Begin at the top of the records below and return each line exactly through the line with "Bench Top Mortise". Skip pictures.

→ **Given records**
☆ ☆ ☆ ☆

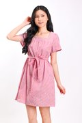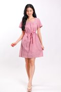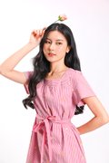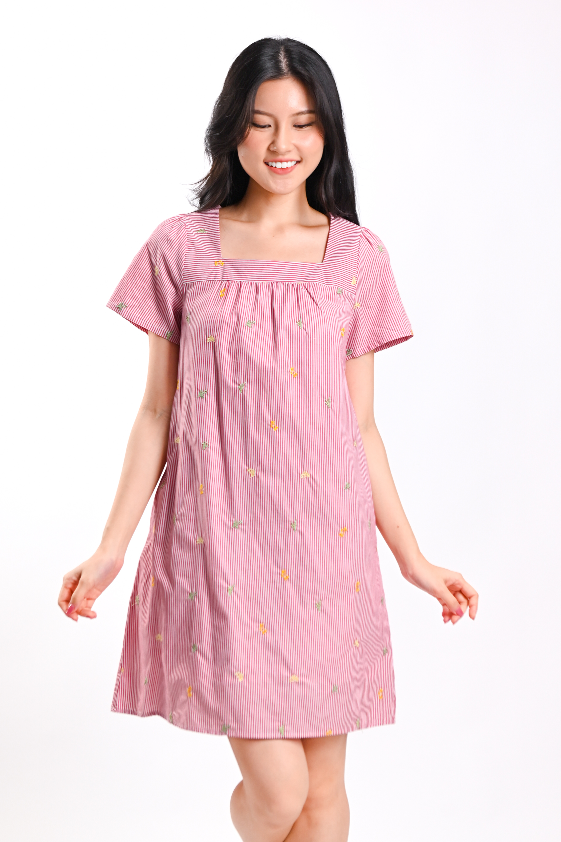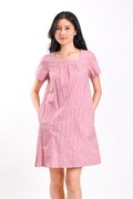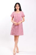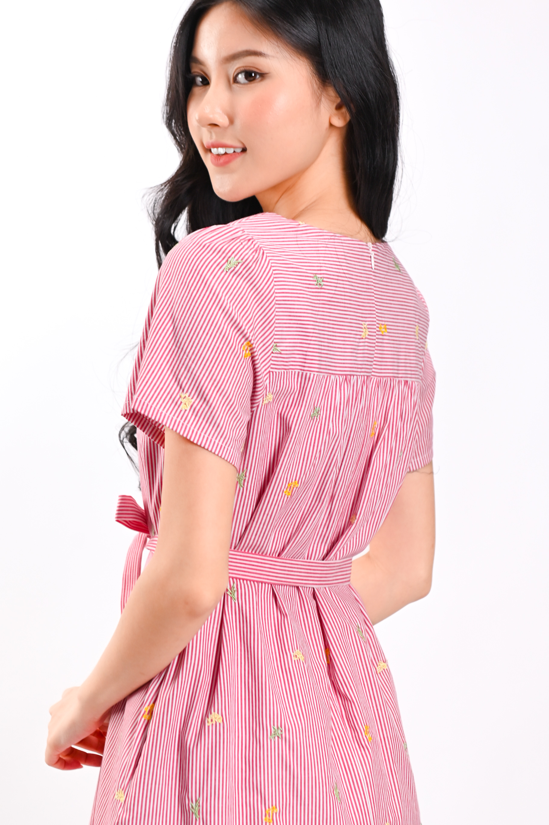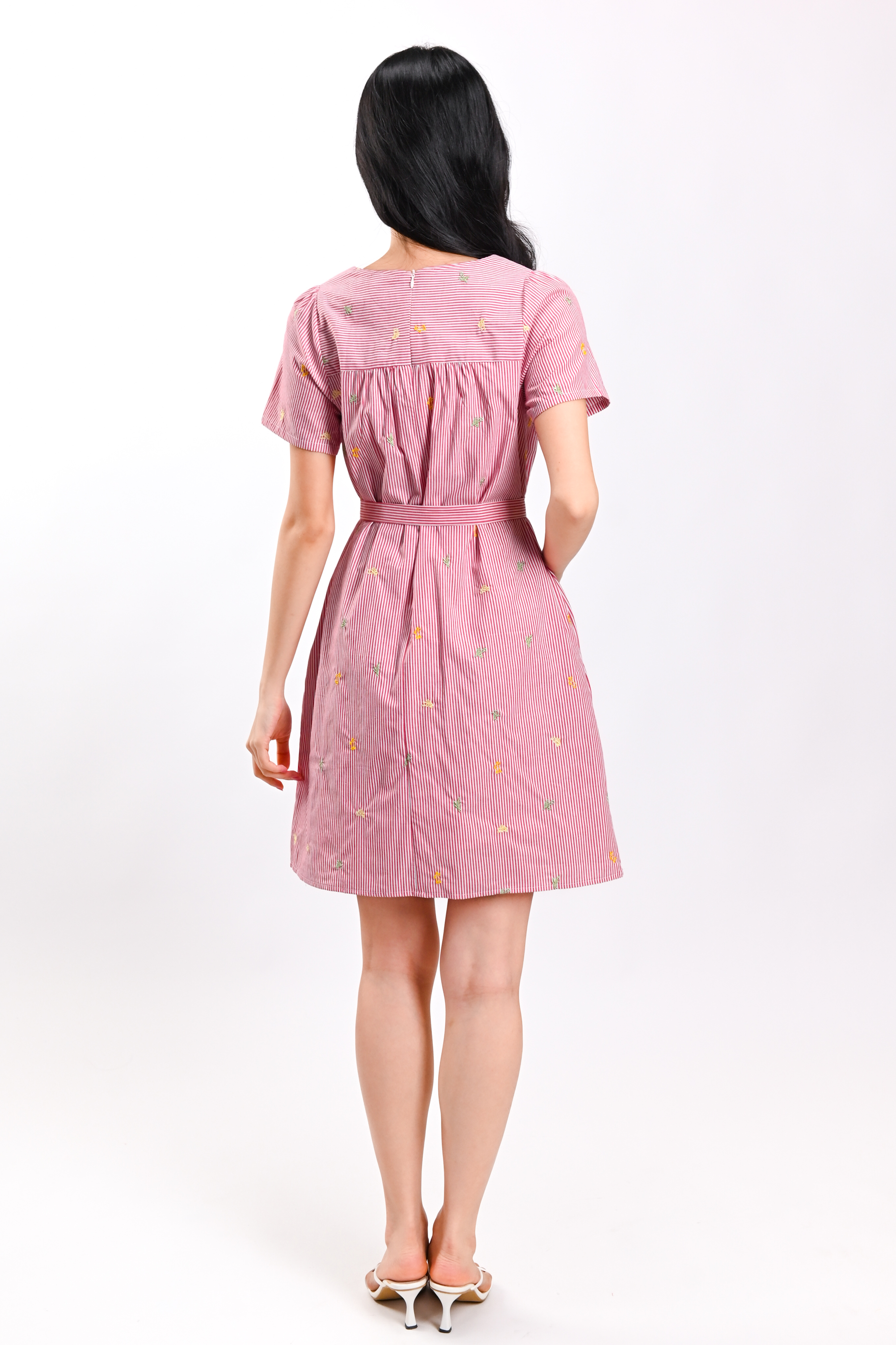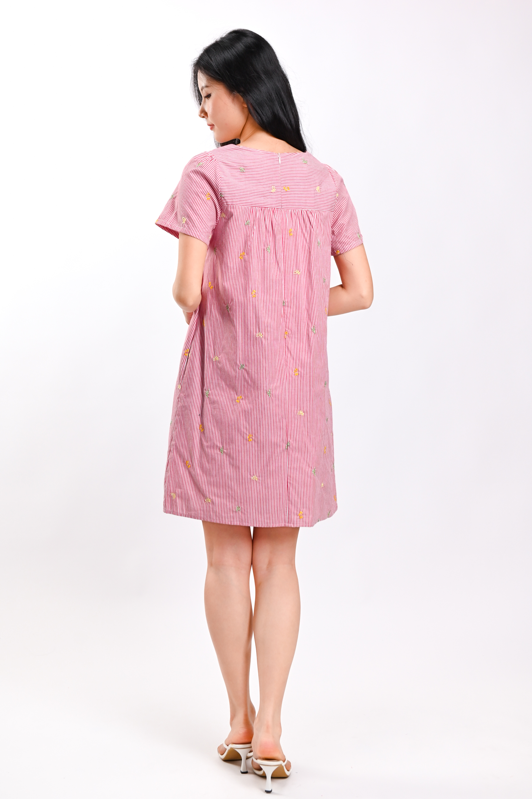 MYLLA BUNNY EMB. SLEEVED DRESS IN BERRY STRIPES
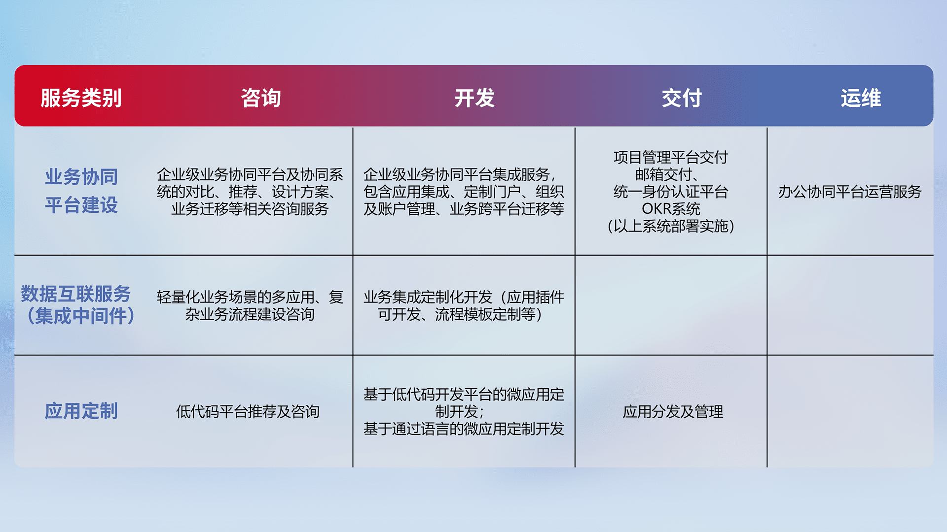 针对钉钉、、企微、、、IDaas等平台级产品提供产品的规划、、、、方案、、、、交付、、、、定制化开发等服务,,,,实现如统一协同办公、、、智能客户服务、、、、混合会议管理、、、、智能数据查询、、等业务场景,,,实现数字化转型。。。
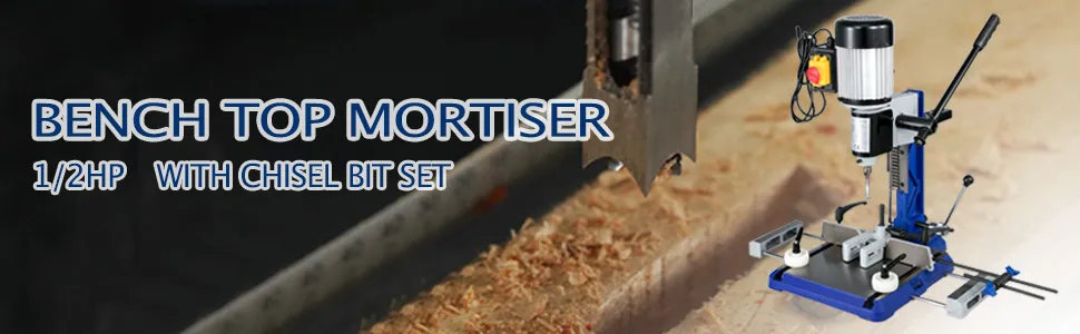Bench Top Mortise with Table Extensions. Powerful 1/2HP, 1400RPM Motor quickly cuts mortises in the toughest woods without stalling. Dovetail Column Ways with adjustable stop for solid, consistent cutting of multiple mortises. For furniture making or other industrial use.
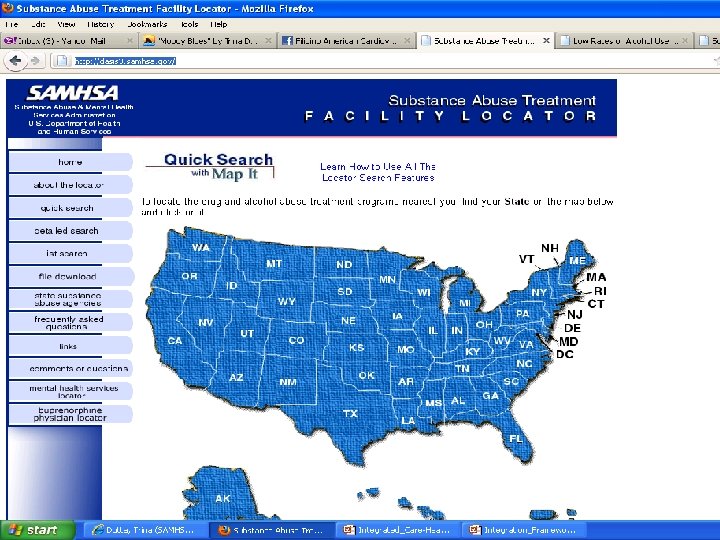 Substance Abuse Treatment Facility Locator 20 • Special Programs/Groups: – Adolescents – Persons with co-occurring mental and substance abuse disorders – Persons with HIV/AIDS – Gays and lesbians – Seniors/older adults – Pregnant/postpartum women – Women/Men – Residential beds for clients' children – DUI/DWI offenders – Criminal justice clients • Forms of Payment Accepted: (NOTE: Check with facility for details. Applicability varies according to individual circumstances. ) – – – Medicaid State financed insurance (other than Medicaid) Medicare Private health insurance Military insurance (e. g. , VA, TRICARE) Self payment
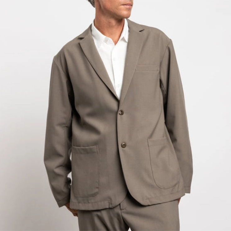 Smock这款极简的热带重灰褐色西装外套借鉴了David Byrne的设计,但它去掉了超大的垫肩,取而代之的是柔软的剪裁。搭配同款裤子,绝对是一套适合通勤的休闲西装。
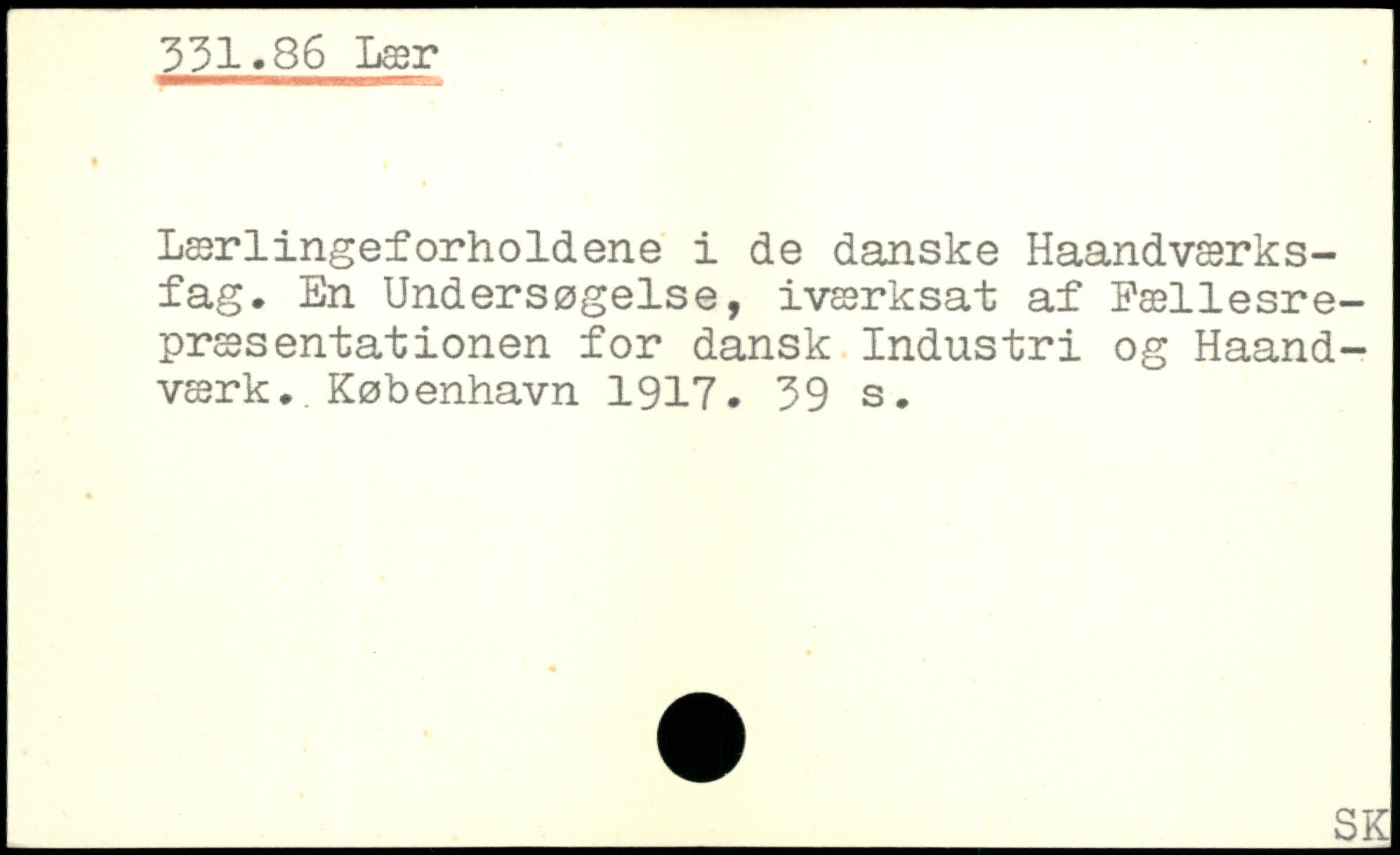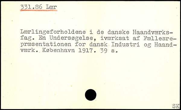 Lærlingeforholdene i de danske Haandværks-fag. En Undersøgelse, iværksat af Fællesrepræsentationen for dansk Industri og Haand-værk.
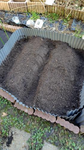 種まいたけど全く発芽の気配なし。 ダメなら苗を買おう。 先日耕したオクラの土に バーク堆肥と腐葉土と赤玉土を混ぜて 2つ畝を作った。 化成肥料は冬越しするのに邪魔になるって。 だから春に苗が冬越ししてから追肥しようと思う。 まずは発芽だ。
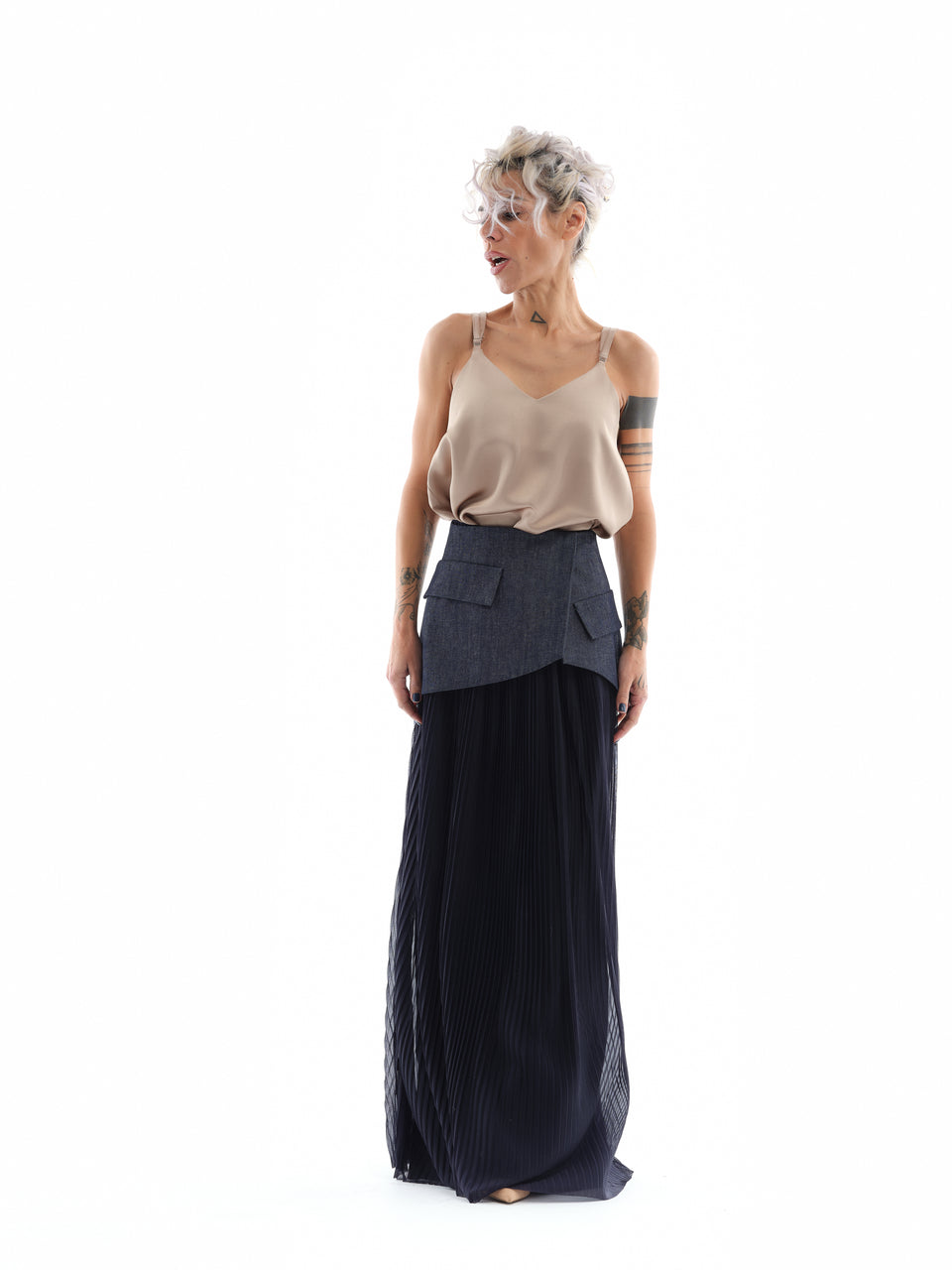Maxi high-waisted pleated skirt with a wide denim belt. Please note that this piece does not have pockets and is not lined.

☆ ☆ ☆ ☆

→ **Your solution**
 MYLLA BUNNY EMB. SLEEVED DRESS IN BERRY STRIPES
 针对钉钉、、企微、、、IDaas等平台级产品提供产品的规划、、、、方案、、、、交付、、、、定制化开发等服务,,,,实现如统一协同办公、、、智能客户服务、、、、混合会议管理、、、、智能数据查询、、等业务场景,,,实现数字化转型。。。
Bench Top Mortise with Table Extensions. Powerful 1/2HP, 1400RPM Motor quickly cuts mortises in the toughest woods without stalling. Dovetail Column Ways with adjustable stop for solid, consistent cutting of multiple mortises. For furniture making or other industrial use.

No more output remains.